Massachusetts divorce attorney Jason V. Owens reviews deviations from the federal retirement age “cap” under the Alimony Reform Act.
This blog has paid a great deal of attention to the unequal treatment received by Massachusetts alimony payors who were divorced before 2012 versus those divorced after 2012 under the Massachusetts Alimony Reform Act (ARA). Today, we will cover a (seemingly) simpler topic: for post-2012 divorces, when can a judge deviate from the presumption under the ARA that alimony will terminate when an alimony payor reaches federal retirement age, as provided in G. L. c. 208, § 49(f).
As is often the case with statutory analysis, the answer is a bit more complicated than first meets the eye.
Table of Contents for this Blog
- Alimony Reform Act: Alimony Presumed to Terminate When Payor Reaches Federal Retirement Age
- Does G. L. c. 208, § 53 Apply to the ARA’s Retirement Provision?
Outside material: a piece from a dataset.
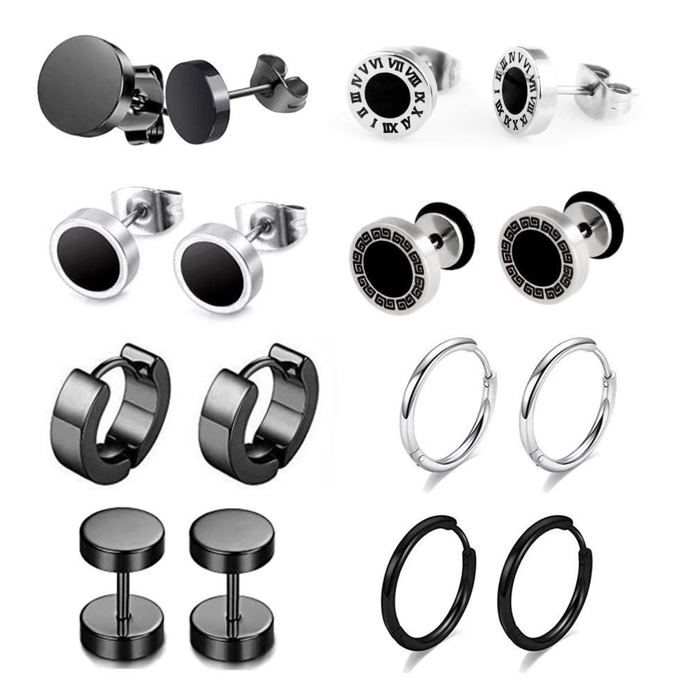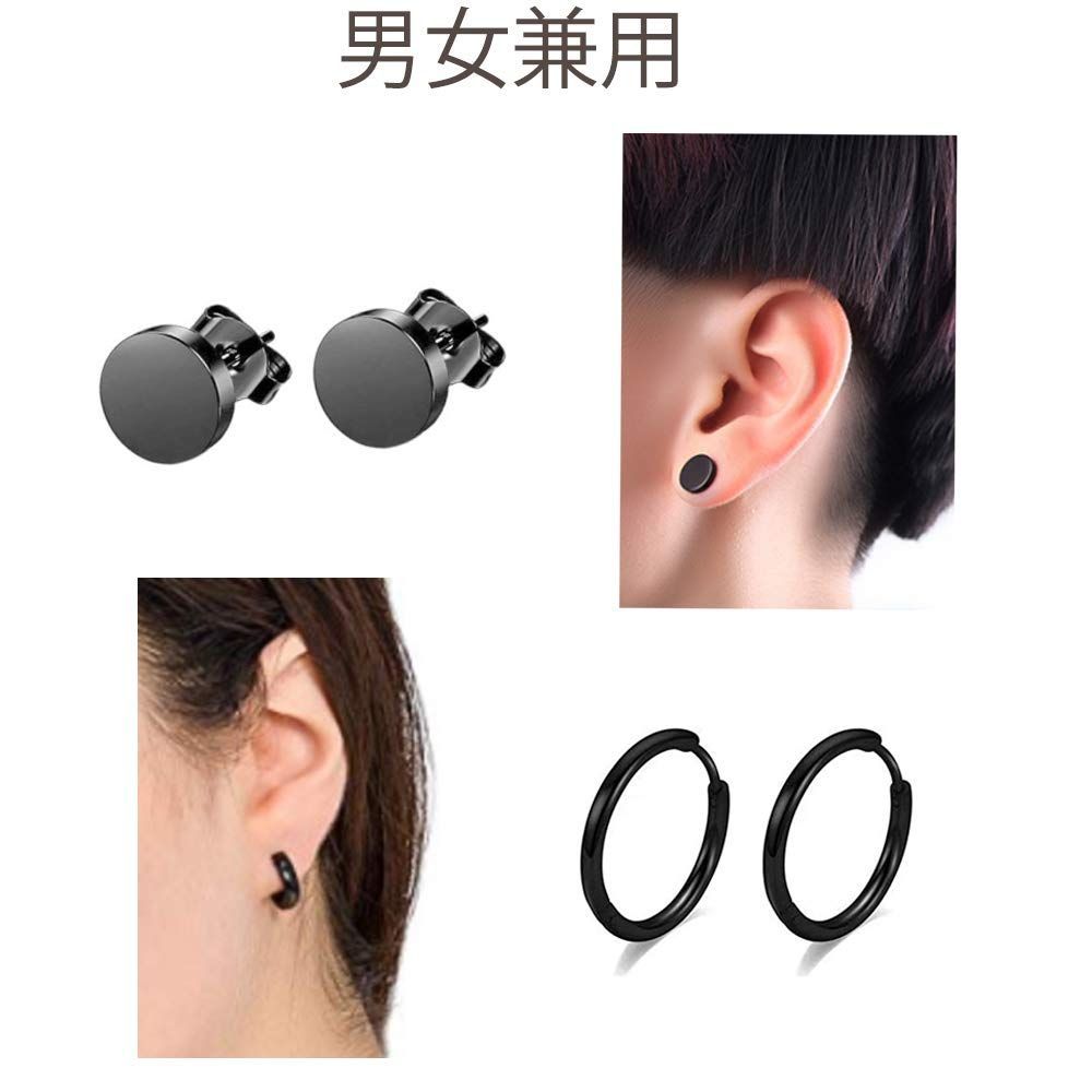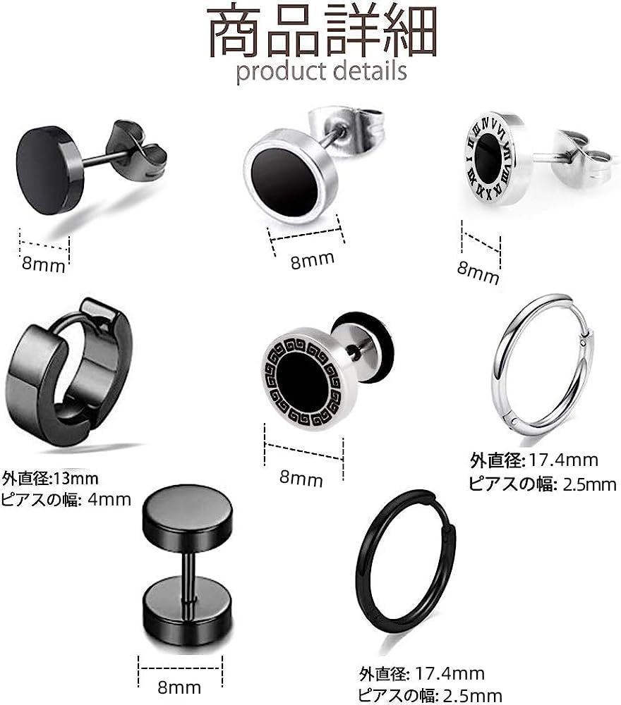 8ペア ピアス メンズ ブラック シルバー レディース 黒ピアス イヤリング スタッド ピアス フープ リング ユニセックス 両耳用 ステンレス ステンレス 金属アレルギー対応 ピアス 誕生日プレゼント

Maybe.
- Hassey v. Hassey: Written Findings Required For Deviation from Retirement Limit
- Even if § 53(e) Not Mandatory for Retirement Deviation, Factors Still Worth Considering
The ARA’s retirement provision seems quite straight-forward on its face. It provides:
Once issued, general term alimony orders shall terminate upon the payor attaining the full retirement age. The payor’s ability to work beyond the full retirement age shall not be a reason to extend alimony, provided that:
(1) When the court enters an initial alimony judgment, the court may set a different alimony termination date for good cause shown; provided, however, that in granting deviation, the court shall enter written findings of the reasons for deviation.
(2) The court may grant a recipient an extension of an existing alimony order for good cause shown; provided, however, that in granting an extension, the court shall enter written findings of:
(i) a material change of circumstance that occurred after entry of the alimony judgment; and
(ii) reasons for the extension that are supported by clear and convincing evidence.
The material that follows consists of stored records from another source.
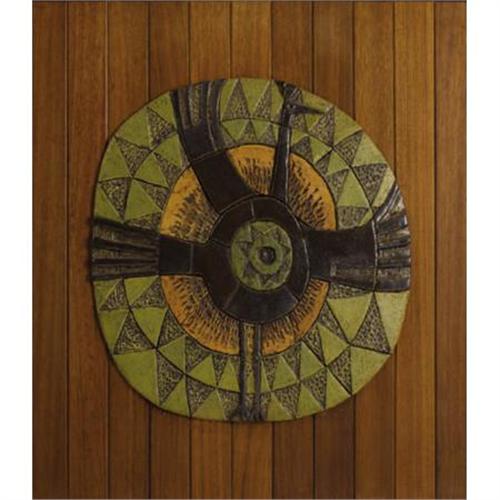 <B>A Contemporary Dutch Ceramic Abstract<BR></B></I>Ben Nadorp, The Netherlands<BR>1964<BR>M#41, entitled <I>Bird,</B></I> in low relief with orange, yellow and dark green<BR>Marks: Impressed <I>Delft</B></I> mark center left<BR>24 inches high x 29 inches wide x 1.5 inches deep<BR><BR><b>Shipping:</b> Requires 3rd Party Shipping (<a target="_blank" href="http://www.heritageauctions.com/common/shipping.php">view shipping information</a>)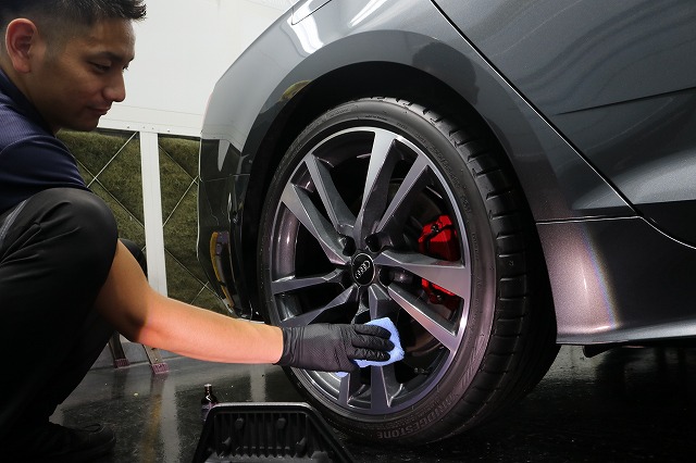 アウディS5に、オプションコーティングとしてホイールコーティング、撥水ガラスコーティング(ウィンドウコーティング)、メッキモールコーティングを施工いたしましたのでご紹介します。
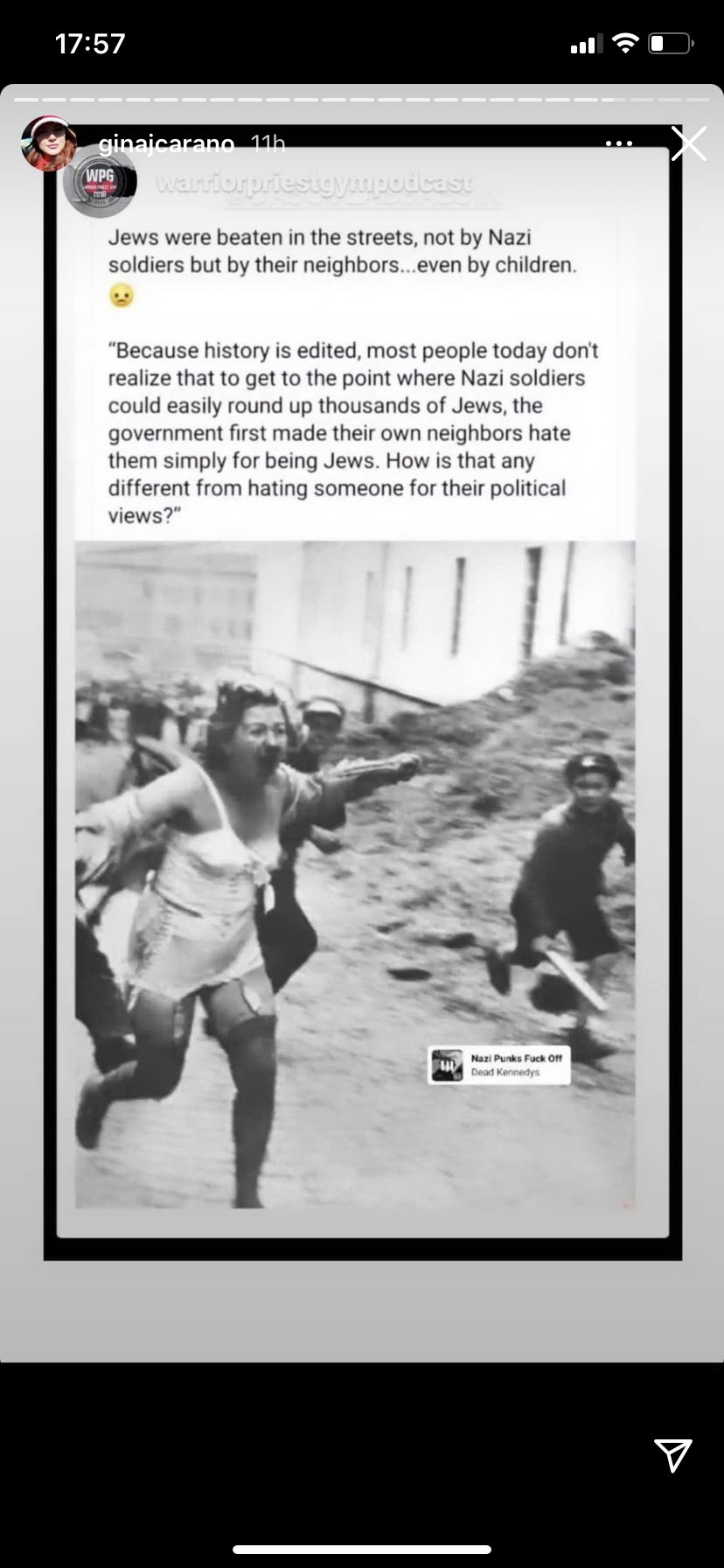 Скандал разразился после недавнего перепоста Карано в сторис Instagram, где современную политическую ситуацию в США сравнили с нацистской Германией.

In short, a judge entering an initial alimony order may extend the termination date beyond the payor’s retirement age “for good cause shown”, but the judge must “enter written findings of the reasons for deviation”, and the “payor’s ability to work beyond the full retirement age shall not be a reason to extend alimony”. Notably, § 49(f) provides a significantly higher burden for alimony recipients who are seeking to extend an existing alimony order through a Complaint for Modification. Here, the statute makes quite clear that in most cases, alimony automatically ends when the payor reaches federal retirement age. Thus, the burden falls solely on the recipient to file a Complaint for Modification seeking an extension beyond the payor’s retirement age, and in order to grant the extension, they must provide “reasons for the extension that are supported by clear and convincing evidence.”
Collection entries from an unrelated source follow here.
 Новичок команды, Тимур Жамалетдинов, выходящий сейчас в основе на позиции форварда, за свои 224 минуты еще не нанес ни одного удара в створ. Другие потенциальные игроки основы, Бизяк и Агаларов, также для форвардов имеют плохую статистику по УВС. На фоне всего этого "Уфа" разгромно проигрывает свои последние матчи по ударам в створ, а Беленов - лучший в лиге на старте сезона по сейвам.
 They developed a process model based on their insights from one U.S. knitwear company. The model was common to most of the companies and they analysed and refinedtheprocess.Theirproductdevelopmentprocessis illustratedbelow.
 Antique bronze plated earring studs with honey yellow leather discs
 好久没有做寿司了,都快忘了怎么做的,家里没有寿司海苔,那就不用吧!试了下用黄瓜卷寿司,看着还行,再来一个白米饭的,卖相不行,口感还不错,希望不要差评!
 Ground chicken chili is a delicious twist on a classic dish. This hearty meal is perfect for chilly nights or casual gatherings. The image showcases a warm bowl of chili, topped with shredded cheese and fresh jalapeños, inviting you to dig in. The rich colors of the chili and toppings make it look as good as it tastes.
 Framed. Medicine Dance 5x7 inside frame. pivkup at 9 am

So what constitutes good cause shown? This is where it gets more complicated.
A different part of the statute, G. L. c. 208, § 53(e), includes language that seems like it may affect any deviations from the the retirement provision of § 49(f). The second section, § 53(e), provides as follows:
In setting an initial alimony order, or in modifying an existing order, the court may deviate from duration and amount limits for general term alimony and rehabilitative alimony upon written findings that deviation is necessary. Grounds for deviation may include:
(1) advanced age; chronic illness; or unusual health circumstances of either party;
(2) tax considerations applicable to the parties;
(3) whether the payor spouse is providing health insurance and the cost of health insurance for the recipient spouse;
(4) whether the payor spouse has been ordered to secure life insurance for the benefit of the recipient spouse and the cost of such insurance;
(5) sources and amounts of unearned income, including capital gains, interest and dividends, annuity and investment income from assets that were not allocated in the parties divorce;
(6) significant premarital cohabitation that included economic partnership or marital separation of significant duration, each of which the court may consider in determining the length of the marriage;
(7) a party’s inability to provide for that party’s own support by reason of physical or mental abuse by the payor;
(8) a party’s inability to provide for that party’s own support by reason of that party’s deficiency of property, maintenance or employment opportunity; and
(9) upon written findings, any other factor that the court deems relevant and material.
It is not absolutely clear from the statute (or for that matter the courts) whether the list of factors set forth in § 53(e) applies to deviations from the retirement age provisions of § 49(f). Language in § 53(b) suggests that perhaps the list of factors above only applies to the amount of alimony, where it provides:
Except for reimbursement alimony or circumstances warranting deviation for other forms of alimony, the amount of alimony should generally not exceed the recipient’s need or 30 to 35 per cent of the difference between the parties’ gross incomes established at the time of the order being issued.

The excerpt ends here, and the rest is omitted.